> _Problem_:
Return the stretch from the line with "截止目前,晨越建管集团已拥有" through the line with "Группа разнообразных студентов" in the data below, character for character, skipping all pictures.

******

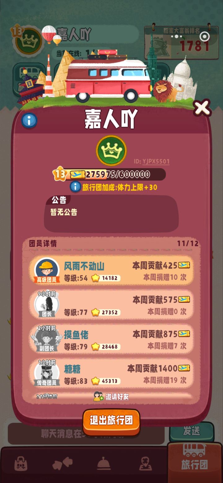 旅行团号:XLLJN501有没有能坚持做任务的小伙伴一起玩啊大概是迫于生计,小伙伴们已经很久没有上线了忍痛请走了3位很久没玩的小伙伴#旅行串串 #旅行串串旅团升级 #旅行串串找团团
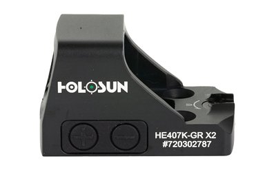 The HE407K-GR X2 is an open reflex optical sight designed for subcompact pistol applications. It improves on the previous version by adding Lock Mode, which was first introduced in their 2018 LEM pistol optic models. Lock Mode, when activated, locks the buttons, preventing inadvertent setting changes. Additional features include Holosun’s Green Super LED with up to 50k hour battery life, a crisp 6MOA dot, and Shake Awake. The durable housing is made from 7075 Aluminum, uses Holosun’s K footprint, and houses the 1632 battery in a side-mounted tray for easy replacement when needed.
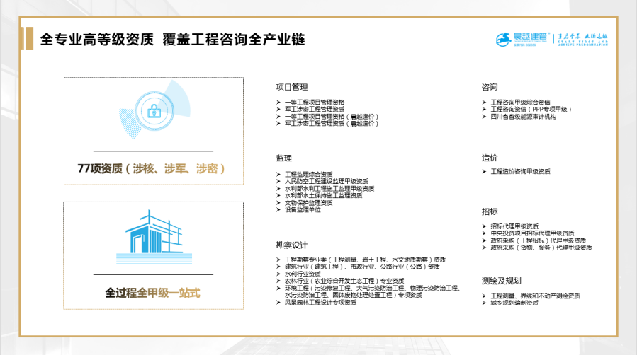 截止目前,晨越建管集团已拥有包括工程监理综合资质、工程咨询甲级综合资信等77项全专业高等级专业资质和资信(涉核、涉军、涉密),业务能力覆盖工程咨询全产业链。
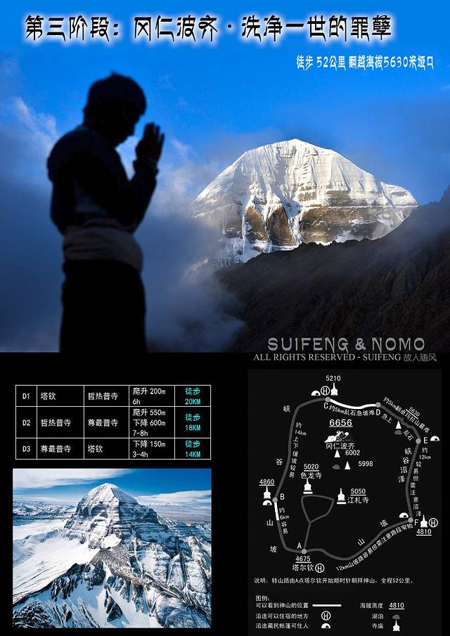 我们将前往冈仁波齐分为——“穿越横断”,“进入神域”和“漫漫朝圣路”三个阶段。由于存在太多的不确定性,对于返回只能到时候再具体考虑了。
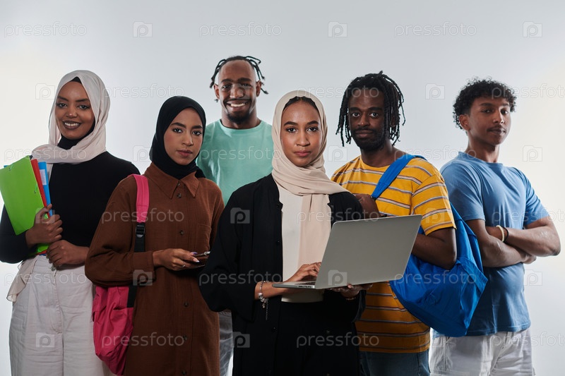 Группа разнообразных студентов занимается современными образовательными практиками, используя различные технологические инструменты, такие как ноутбуки, планшеты и смартфоны, на чистом белом фоне, иллюстрируя современный подход к совместному обучению и до
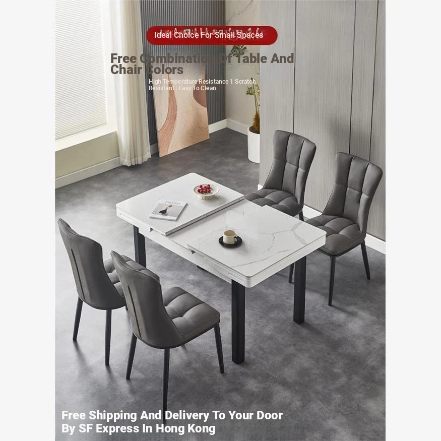 Folding Brand Composite Metal Dining Table and Chair Set – Expandable Rectangular Dining Table for Small Homes, Space-Saving Design with Pull-Out Feature
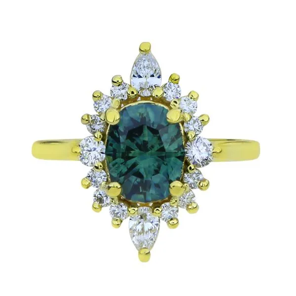 Purple Creek Custom 1.81ct Natural Montana Sapphire with Natural Diamond Halo 18K Ring
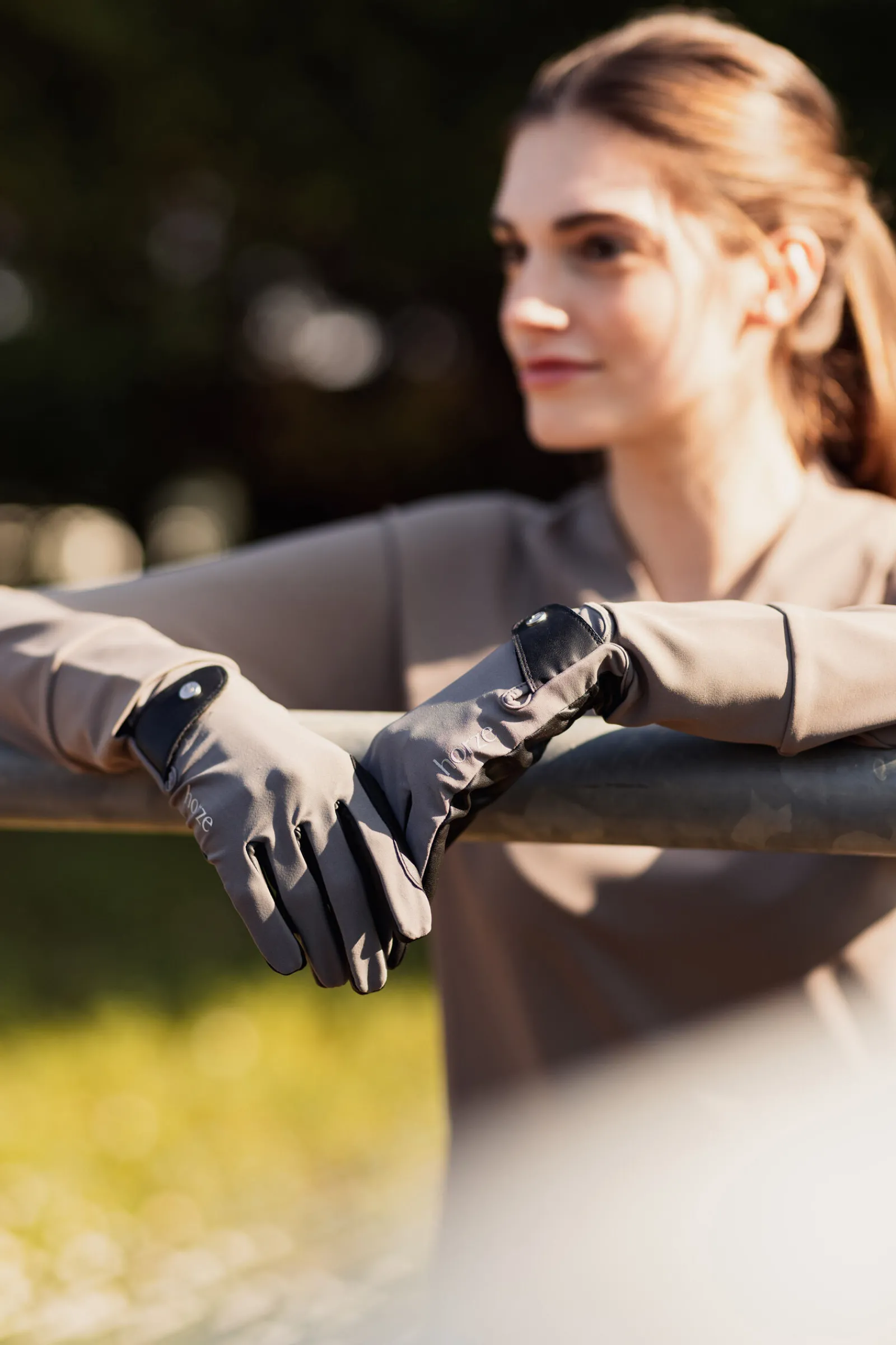 90% polyester, 10% elastan. Håndflate: 100% polyuretan
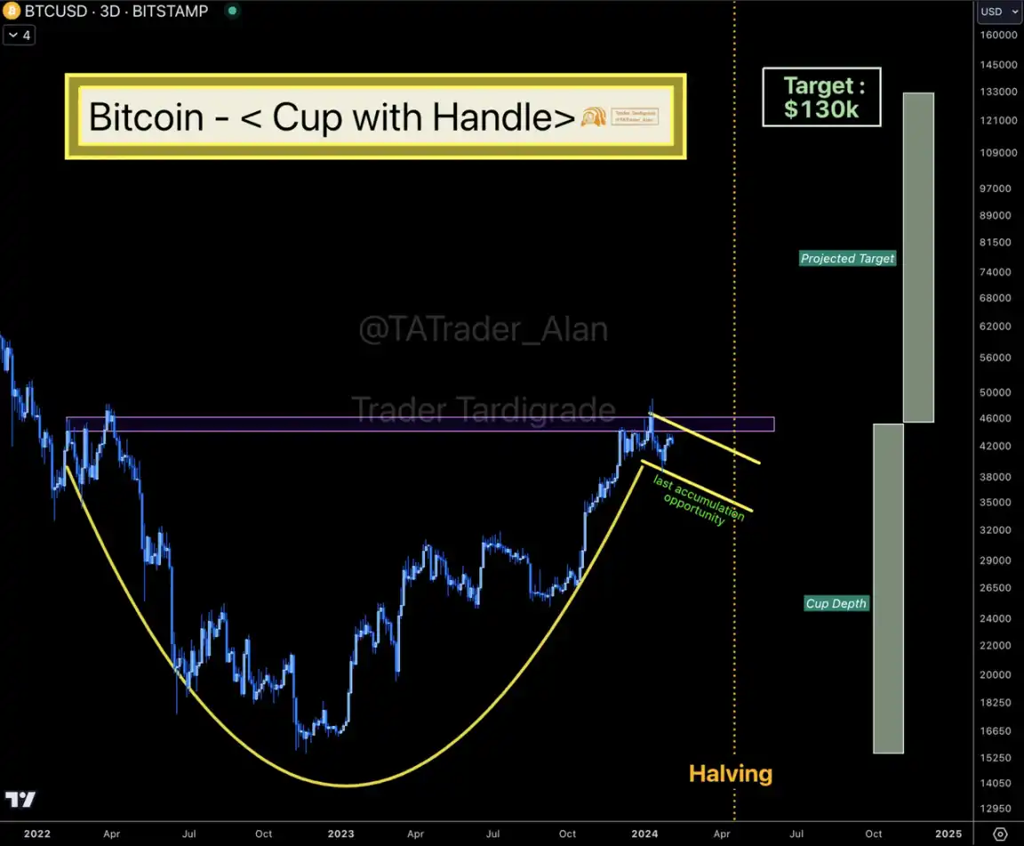 知名交易员 Alan Tardigrade 在推特发布图表(今年 2 月),表示出现所谓柄图,该模型预测 BTC 将达到 13 万美元。
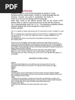 1. Display the Culture PowerPoint of todays Leccin for the class to read. a. (Turn on projector, Place the PowerPoint CD into the computer connected to the projector, open the Culture folder, and double-click on todays Leccin). 2. Read the Culture Newsletter. a. As you read, have the students try to guess the meaning of the Spanish words. b. You may ask individual students to take turns reading. 3. Read and Practice the Vocabulario de la Semana list. a. Inform the students that they do not need to memorize the wordsjust recognize them for comprehension while reading. 4. (Optional) Read the culture lesson again focusing on the new vocabulary. 5. Group Discussion. a. Compare and contrast the lesson with the students own diverse cultures. b. Encourage the students to use as much Spanish as they can during the discussion.
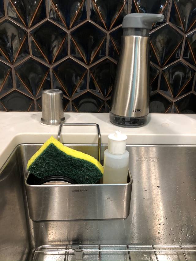 Someone zoomed in on my Simple Human kitchen sink caddy when I posted a photo of the kitchen on Instagram. The caddy is fantastically low-key and functional. There are holes in the bottom that allow airflow and moisture to drain so that the sponge isn't gross or sitting in a puddle of water. The suction cups actually work - they stick to the stainless steel sink.
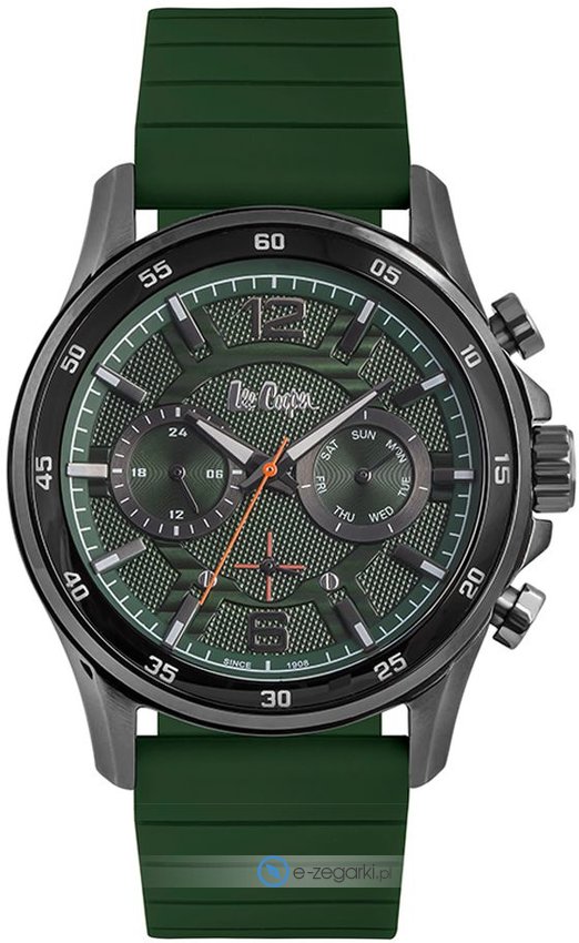 Zegarek LC06844.675 posiada kwarcowy mechanizm zasilany klasyczną baterią. Pasek koloru zielonego zrobiony jest z wysokiej jakości tworzywa sztucznego.
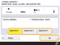 Izberite nastavitev, ki jo želite priklicati, in pritisnite <OK>.
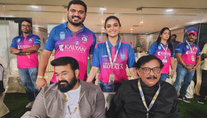 കേരള ക്രിക്കറ്റ് ലീഗിന്റെ ആവേശം കാണികളില് മുഴുകുമ്പോള് ഗ്രൗണ്ടിൽ ഇഞ്ചോടിഞ്ച് പോരാട്ടം. പിന്തുണയുമായി താരങ്ങൾ സ്റ്റേഡിയത്തിലും. ട്രിവാൺഡ്രം — കൊച്ചി മത്സരം ശ്രദ്ധേയമായത് താരസാന്നിധ്യം കൊണ്ട് കൂടിയാണ്. ടീമിന്റെ ഉടമസ്ഥർ കൂടിയായ സംവിധായകന് പ്രിയദര്ശന്, കല്യാണി പ്രിയദര്ശന്, കീര്ത്തി സുരേഷ് തുടങ്ങിയവർ മത്സരം കാണാൻ സ്റ്റേഡിയത്തിലുണ്ടായിരുന്നു. ഒപ്പം താരപ്രഭയഭയുടെ മാറ്റ് കൂട്ടി സാക്ഷാൽ മോഹൻലാലും.
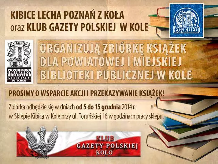 Wraz z kolskim Klubem Gazety Polskiej kolscy Kibice Lecha Poznań zorganizowali zbiórkę książek dla Powiatowej i Miejskiej Biblioteki Publicznej w Kole.

******

> _Task output_:
 截止目前,晨越建管集团已拥有包括工程监理综合资质、工程咨询甲级综合资信等77项全专业高等级专业资质和资信(涉核、涉军、涉密),业务能力覆盖工程咨询全产业链。
 我们将前往冈仁波齐分为——“穿越横断”,“进入神域”和“漫漫朝圣路”三个阶段。由于存在太多的不确定性,对于返回只能到时候再具体考虑了。
 Группа разнообразных студентов занимается современными образовательными практиками, используя различные технологические инструменты, такие как ноутбуки, планшеты и смартфоны, на чистом белом фоне, иллюстрируя современный подход к совместному обучению и до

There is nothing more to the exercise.